* _Work instructions_
With the pictures removed, write out the full listing below exactly.

* _Data segment_
────────
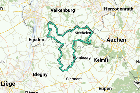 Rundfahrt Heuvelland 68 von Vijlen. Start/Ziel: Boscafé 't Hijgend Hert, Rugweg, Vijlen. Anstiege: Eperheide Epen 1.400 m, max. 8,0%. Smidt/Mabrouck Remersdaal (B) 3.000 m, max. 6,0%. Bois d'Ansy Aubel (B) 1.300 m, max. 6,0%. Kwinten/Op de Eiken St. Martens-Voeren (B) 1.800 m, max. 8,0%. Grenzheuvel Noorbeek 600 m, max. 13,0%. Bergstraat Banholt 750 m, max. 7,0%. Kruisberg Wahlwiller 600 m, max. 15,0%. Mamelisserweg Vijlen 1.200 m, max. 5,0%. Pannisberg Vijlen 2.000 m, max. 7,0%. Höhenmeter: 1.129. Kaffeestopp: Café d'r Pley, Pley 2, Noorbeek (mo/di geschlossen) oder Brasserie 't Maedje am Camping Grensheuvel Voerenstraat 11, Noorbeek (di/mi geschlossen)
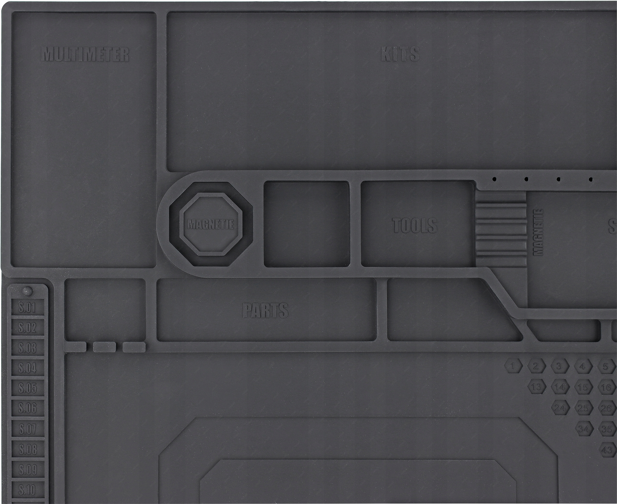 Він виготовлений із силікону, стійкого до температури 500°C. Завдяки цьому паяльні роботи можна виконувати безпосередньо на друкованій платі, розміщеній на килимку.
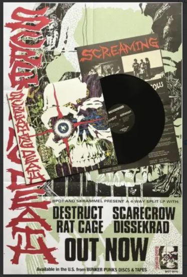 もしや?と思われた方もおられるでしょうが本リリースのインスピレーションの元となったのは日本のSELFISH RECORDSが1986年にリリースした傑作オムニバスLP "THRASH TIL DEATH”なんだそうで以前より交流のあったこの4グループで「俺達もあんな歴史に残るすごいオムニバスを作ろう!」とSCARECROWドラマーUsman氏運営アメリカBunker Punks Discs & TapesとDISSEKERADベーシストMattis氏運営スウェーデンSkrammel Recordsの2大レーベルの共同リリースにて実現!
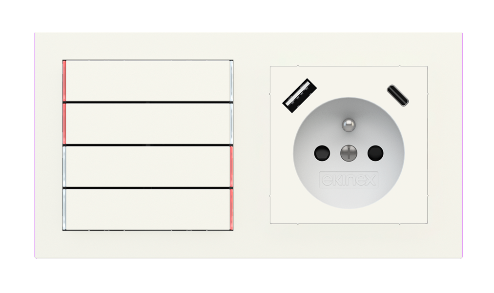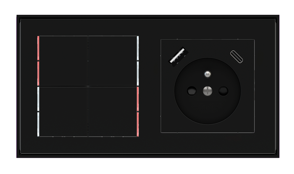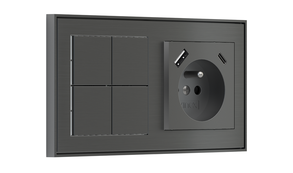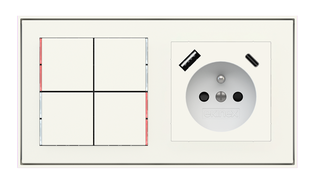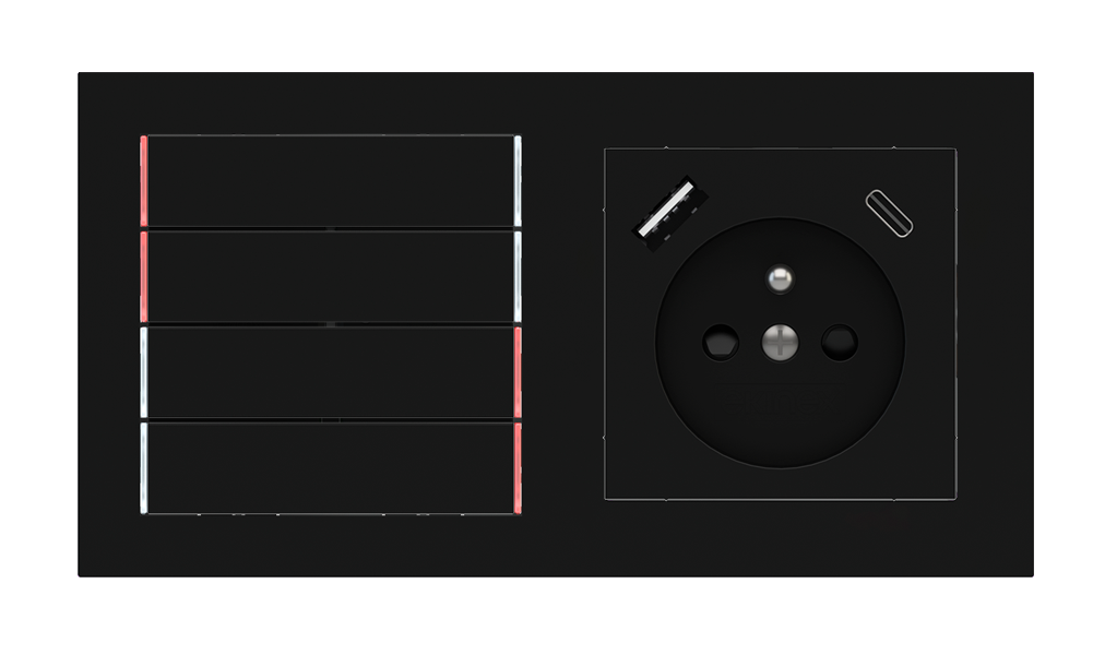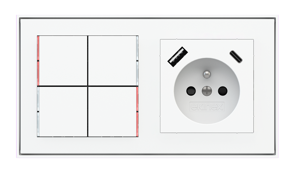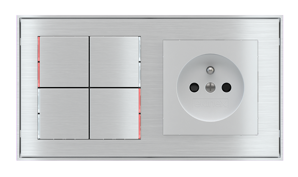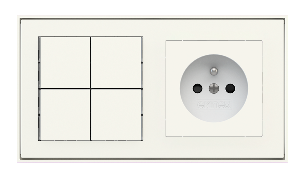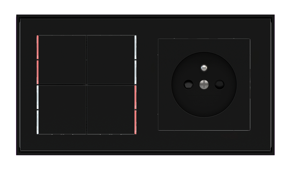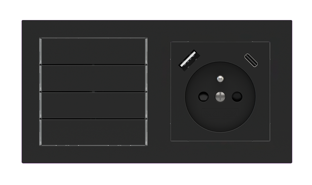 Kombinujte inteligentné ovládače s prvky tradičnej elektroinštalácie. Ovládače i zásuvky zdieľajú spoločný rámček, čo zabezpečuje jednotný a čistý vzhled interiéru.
────────
* _Solution_
 Rundfahrt Heuvelland 68 von Vijlen. Start/Ziel: Boscafé 't Hijgend Hert, Rugweg, Vijlen. Anstiege: Eperheide Epen 1.400 m, max. 8,0%. Smidt/Mabrouck Remersdaal (B) 3.000 m, max. 6,0%. Bois d'Ansy Aubel (B) 1.300 m, max. 6,0%. Kwinten/Op de Eiken St. Martens-Voeren (B) 1.800 m, max. 8,0%. Grenzheuvel Noorbeek 600 m, max. 13,0%. Bergstraat Banholt 750 m, max. 7,0%. Kruisberg Wahlwiller 600 m, max. 15,0%. Mamelisserweg Vijlen 1.200 m, max. 5,0%. Pannisberg Vijlen 2.000 m, max. 7,0%. Höhenmeter: 1.129. Kaffeestopp: Café d'r Pley, Pley 2, Noorbeek (mo/di geschlossen) oder Brasserie 't Maedje am Camping Grensheuvel Voerenstraat 11, Noorbeek (di/mi geschlossen)
 Він виготовлений із силікону, стійкого до температури 500°C. Завдяки цьому паяльні роботи можна виконувати безпосередньо на друкованій платі, розміщеній на килимку.
 もしや?と思われた方もおられるでしょうが本リリースのインスピレーションの元となったのは日本のSELFISH RECORDSが1986年にリリースした傑作オムニバスLP "THRASH TIL DEATH”なんだそうで以前より交流のあったこの4グループで「俺達もあんな歴史に残るすごいオムニバスを作ろう!」とSCARECROWドラマーUsman氏運営アメリカBunker Punks Discs & TapesとDISSEKERADベーシストMattis氏運営スウェーデンSkrammel Recordsの2大レーベルの共同リリースにて実現!
 Kombinujte inteligentné ovládače s prvky tradičnej elektroinštalácie. Ovládače i zásuvky zdieľajú spoločný rámček, čo zabezpečuje jednotný a čistý vzhled interiéru.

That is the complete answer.